Would implementing "hybrid offside" make hockey better?

By LT · Dec 3, 2018
  1. LT
    I've had an idea about changing the offside rule for a while now - I can't remember exactly when I first had it, and I may have seen it somewhere else. If this has been proposed before, feel free to post a source so it can get credit.

    Essentially, what I am proposing is a dynamic blue-line, very similar to offside in soccer. The offside line would no longer always be the blue-line, but would instead be a line parallel to the blue-line located where the furthest back defender is. The exception is when no defenders are in their own defensive zone - in this case, the offside line is still the blue-line.
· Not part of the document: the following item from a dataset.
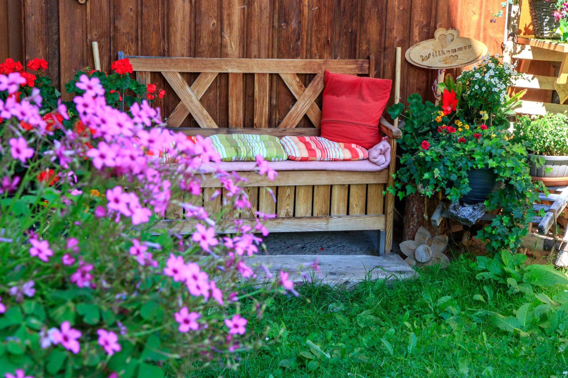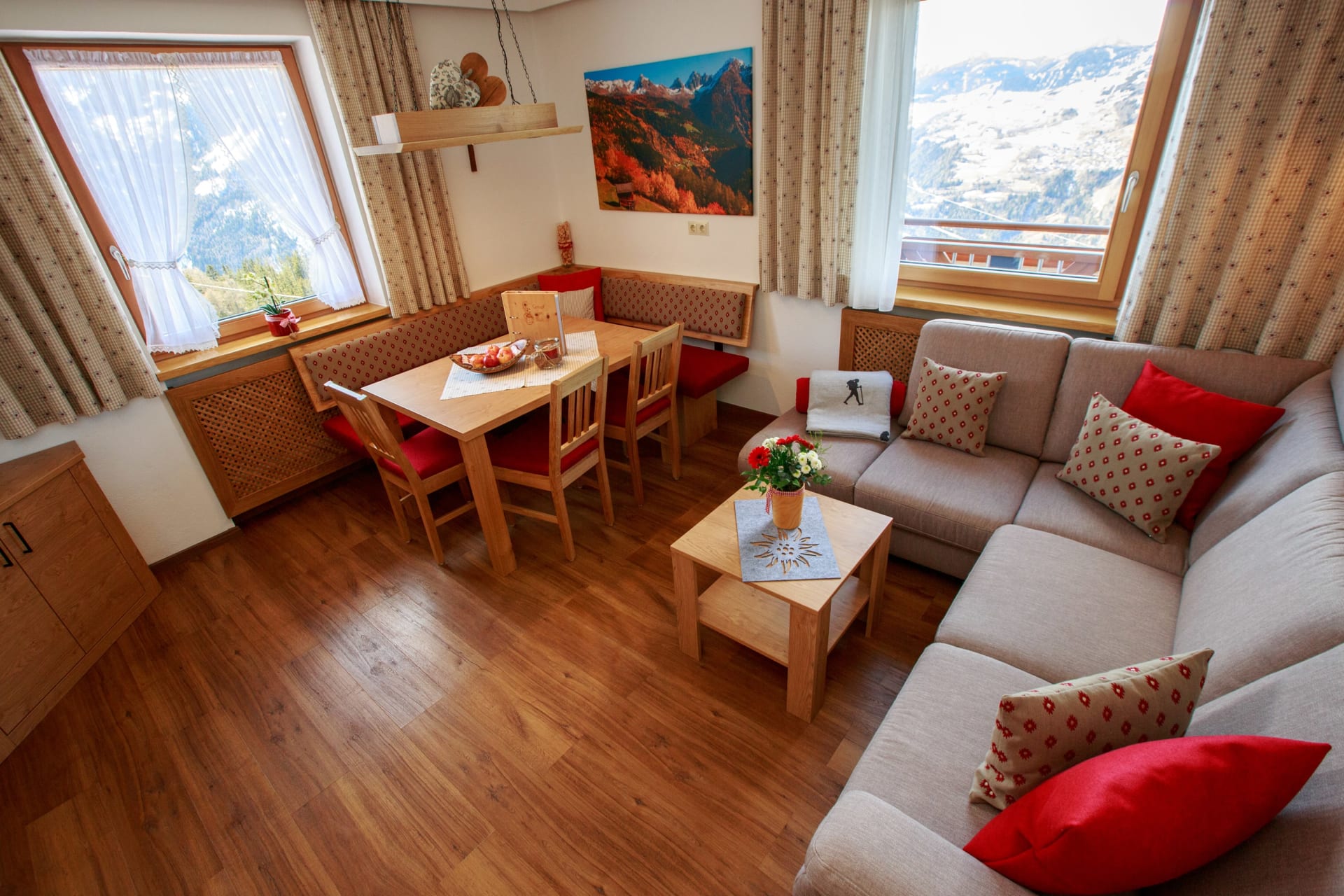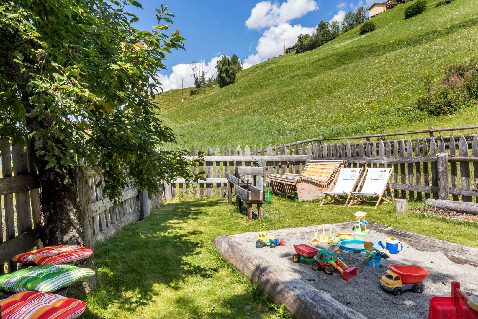 Vom Süd-West-Balkon genießen Sie einen herrlichen Blick auf die Berge. Kinder freuen sich über das Spielzimmer, während im Hofbereich gemütliche Ruheplätze zum Verweilen einladen.

    The main reasoning for this would be to help increase offensive scoring chances, zone entry creativity, and prevent plays from being called back simply because a player is a fraction of a second off in their timing. Players would no longer have to really worry about straddling the blue-line to stay onside, for instance. It would also give teams much more room to break into the offensive zone. Instead of the defense sitting at the blue-line and either breaking up zone entry attempts or forcing teams offside, defenders would have to decide whether to stand their ground and potentially get blown past or continue backing up and let the offensive team establish control. The powerplay would be especially affected by this. I think the rest of this can be deduced - there are a lot of fine details that could be thought up. Ultimately, I think it would add more strategy to the game and also give more of a reward to creativity and skill.

    I also would like to see that offside no longer be a play that can be challenged. Especially with this change, it would be somewhat arbitrary and subjective - two things that should be avoided when it comes to rules and decisions about enforcing them. I would lean toward refs letting the play continue in a close-to-offside scenario, erring on the side of caution.

    I can't think of too many drawbacks honestly, other than adding a bit more subjectivity to the on-ice calls the refs have to make. But they already have that with offside as is, and a very similar decision for refs to make was introduced with hybrid icing. I don't think it's too complicated in any way - soccer handles it very well. If there are any pitfalls that I'm simply missing, I'd love to hear about them.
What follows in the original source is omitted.